After 17 days of waiting, I finally held our boy in my arms last night. It didn't matter that I could only see about an inch of his sweet face, buried deep beneath sheets, still attached to cords, wires, probes, and tubes; it didn't matter. I still long for a day when I'll be able to swoop him up into my arms, raspberry his chubby little tummy, listen to him giggle and watch him drool with delight...These are things I dream of, but since I've spent my waking moments wondering if I'd ever get to hold him at all, I'm learning to take what I'm given: all is gift, all is victory.
In light of last night's holding, I felt a step closer to that dream of bringing baby home. But I've been wondering: suppose I do bring home the happy, healthy, perfect little Alder we've all been hoping and praying for. What then? For the first time in my life, I've grappled with the reality that, even if this specific circumstance turns out "well," the suffering won't stop. Walking on this earth means suffering is inevitable. My heart will break. Hearts around me will break. The end of the story is universally true: we all die. Happily ever after isn't achievable while I'm still here. What do I even do with that? Yesterday's study began to answer the question for me:
"For as the rain and the snow come down from heaven and do not return there but water the earth, making it bring forth and sprout, giving seed to the sower and bread to the eater, so shall my word be that goes out from my mouth; it shall not return to me empty, but it shall accomplish that which I purpose, and shall succeed in the thing for which I sent it. (Isaiah 55:10-11)
In my forgetfulness, the Lord needs to keep reminding me that, though we suffer, we do not suffer in vain. This breaking isn't just a breaking, but a filling back up again. In the very darkest hours of this journey, Jesus has felt the very closest. Though I would not wish this or want any of this cup, He has given it and from it I have received life, and life to the fullest. I have tasted His goodness and it is so, so sweet! I want to share it and proclaim it and savour it forever. That. That is, in part, why I suffer. I have seen God's faithfulness in our circumstances; He is crafting what the enemy intended for evil and turning it into our greatest good and His highest glory. What feels like loss is merely veiled gain. Not just for our family, but for the world around us. . .
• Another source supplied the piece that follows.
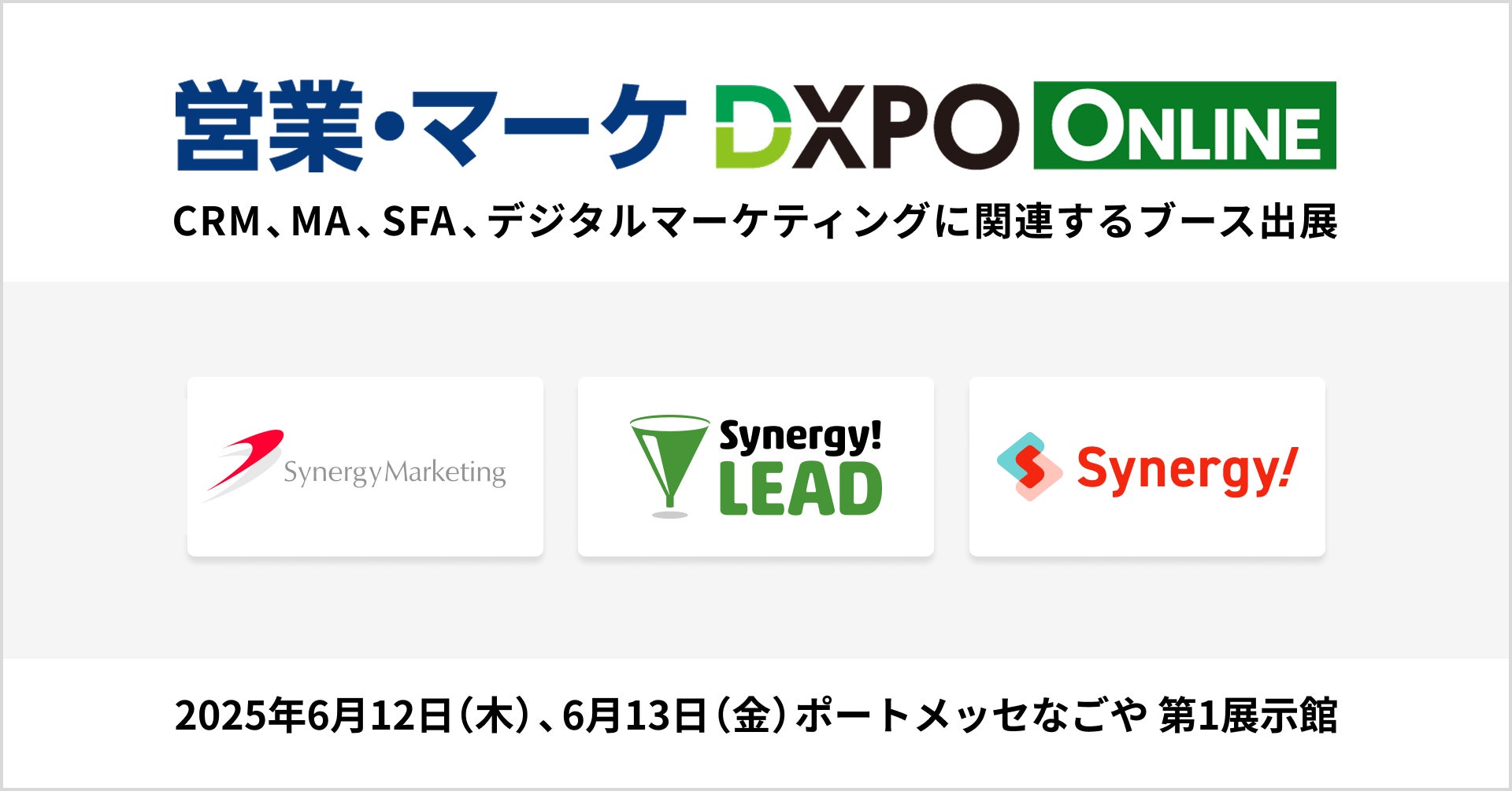シナジーマーケティング株式会社(所在地:大阪市北区、代表:奥平 博史、以下:当社)は、2025年6月12日(木)〜13日(金)にわたりポートメッセなごやにて初開催される「営業・マーケDXPO名古屋’25」に出展いたします。

Walking through the hospital halls, I'm becoming more in tune with the expressions on the faces around me. A few days ago, when we had friends visiting and all was relatively well with Alder, I noticed a family in the lobby. They were gathered there, and as the day wore on their faces became more pained. I know those looks. Those looks--I've lived in them. Hours passed, and every time we passed the growing group my heart broke a little more. On our way out for dinner, I passed one of them, the oldest man, sitting alone a bench outside. I couldn't resist the prompting to speak to him. I approached a little timidly, asking if we could pray for whoever it was they're waiting on. His eyes filled with tears and he answered. Yes. Absolutely you can; please pray for my grandson. "I just want to make it better," his eyes swelled and reddened, "and there's not a thing in the world I can do to fix this…" I know, dear man, precious man. I know. You suffer, too. If I could fix this for you, I would. I can't, but you're not in this valley alone. We left the hospital, my heart breaking all over again, all for the sadness of our pain and theirs and those walls brimming with hundreds of broken, crushed, weary souls.
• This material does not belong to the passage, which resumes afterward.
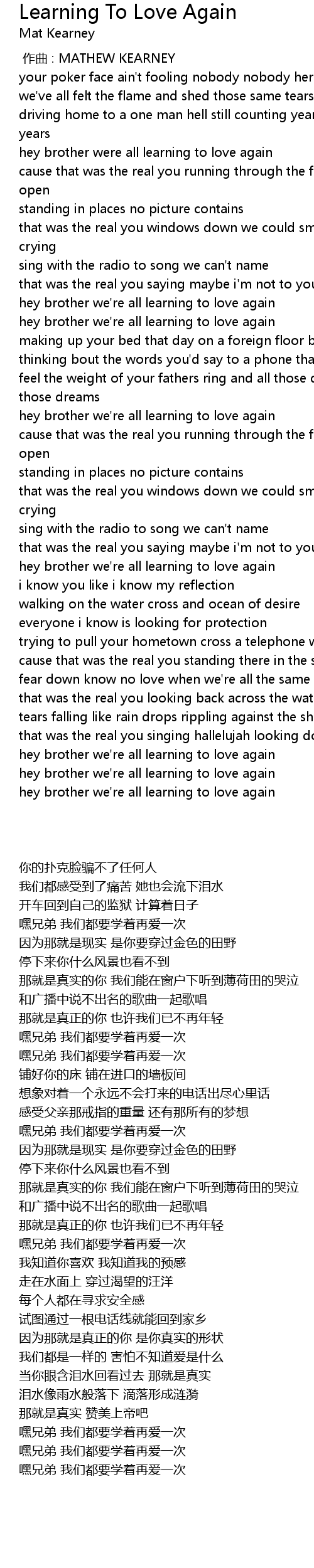 | [01:58.890] | 嘿兄弟 我们都要学着再爱一次 |

The second part of the response came this morning, unexpected:
“Is not this the fast that I choose:
to loose the bonds of wickedness,
to undo the straps of the yoke,
to let the oppressed[b] go free,
and to break every yoke?
Is it not to share your bread with the hungry
and bring the homeless poor into your house;
when you see the naked, to cover him,
and not to hide yourself from your own flesh?
Then shall your light break forth like the dawn,
and your healing shall spring up speedily;
your righteousness shall go before you;
the glory of the Lord shall be your rear guard.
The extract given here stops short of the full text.